Here's what the repository looks like after 8 days of AI-native development:

Metric	Value
Commits	223
Python modules	20 (arbitrage) + 8 (monitoring) + 7 (analysis)
Rust code	540 lines (cryptographic signer)
CLI commands	22
MCP tools	13 (11 monitor + 2 analysis)
WebSocket throughput	~4,000 messages/second
Parallel workers	8
Market coverage	2,000+ assets across multiple WebSocket connections
Integration test modes	4 (local, performance, distributed, full distributed)
Deployment targets	2 VPS instances via Docker

This isn't a toy project. It has integration tests, Docker deployment, PowerShell scripts for cross-platform builds, rotating log files, dry-run mode, spend limiters, clock synchronization via NTP, and position recovery from incomplete fills.
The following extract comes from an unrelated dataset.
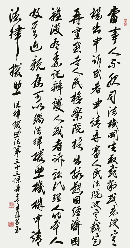 “書·法”活動(dòng)旨在為創(chuàng)新法治宣傳教育,多開一點(diǎn)腦洞、多花一點(diǎn)心思、多出一點(diǎn)力量、多做一點(diǎn)貢獻(xiàn),引領(lǐng)和推動(dòng)更多的人拿起筆來學(xué)法、寫法,在不斷“書·法”過程中,提升自身的法治素養(yǎng),在全社會(huì)弘揚(yáng)法治精神。

Could I have built this without AI agents? Probably. In 6–8 weeks. The velocity difference isn't 2x or 3x — it's closer to an order of magnitude for this type of project, because so much of the work is integration plumbing (WebSocket protocol handling, Docker configuration, deployment scripts, API client wrappers) that an agent handles effortlessly once you give it the right context.

What I Learned

Invest in commands early. The first thing I did on day one was create deployment and querying commands. Every subsequent day, those commands saved time. By day three, I had a development loop where I could say "deploy, test, check results, iterate" in a single conversation. The compound returns are real.
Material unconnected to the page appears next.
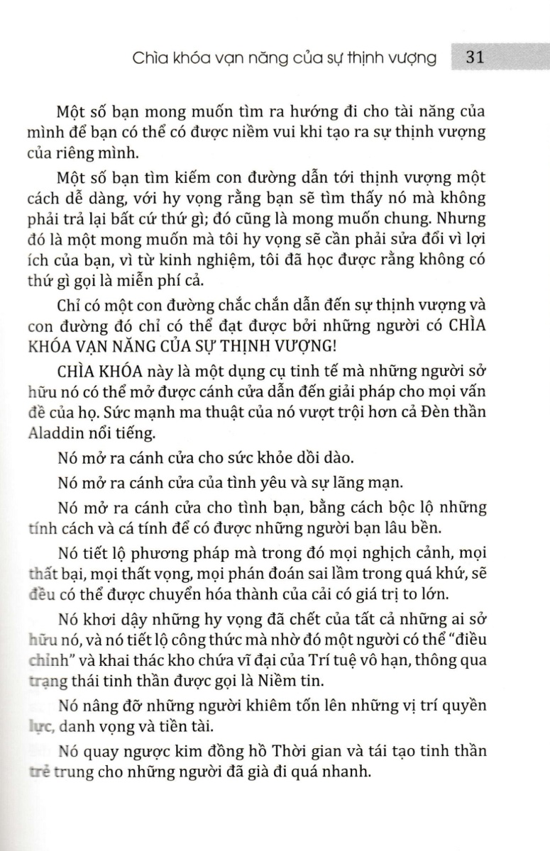 Do đó, sở hữu Chìa khóa vạn năng, bạn đọc có thể mở ra các giải pháp cho mọi vấn đề mình gặp phải, dễ dàng chuyển hóa những thất bại trong quá khứ thành những tài sản vô giá và đạt được Mười Hai Tài Sản Vĩ Đại, trong đó có cả đảm bảo tài chính.

MCP servers change the category of work an agent can do. Without MCP, the agent writes code and runs scripts. With MCP, it operates systems. It can check portfolio value, analyze trade timing, merge positions — all without me writing throwaway scripts or switching to a browser. The agent becomes an operator, not just a programmer.

Keep instructions minimal. Your CLAUDE.md should contain what the agent can't figure out on its own — style conventions, where docs live, project-specific gotchas. Everything else, let it discover by reading code. Overly detailed instructions become stale and misleading.

The human's job shifts from typing to architecture. I wrote maybe 5% of the code in this repo by hand. But I made 100% of the architectural decisions: the queue backlog root cause, the Rust FFI boundary, the WebSocket partitioning strategy, the position-aware arbitrage design. The agent executes faster than I can type. My value is in knowing what to build and why — not in writing the code.

That last point is the one that matters most. AI-native development doesn't make the developer less important. It makes the developer's judgment more important, because the bottleneck is no longer implementation speed — it's architectural clarity. If you know exactly what you want, an AI agent can build it in hours. If you don't, no amount of AI assistance will save you.

The repository is the proof. Not the bot — the repository.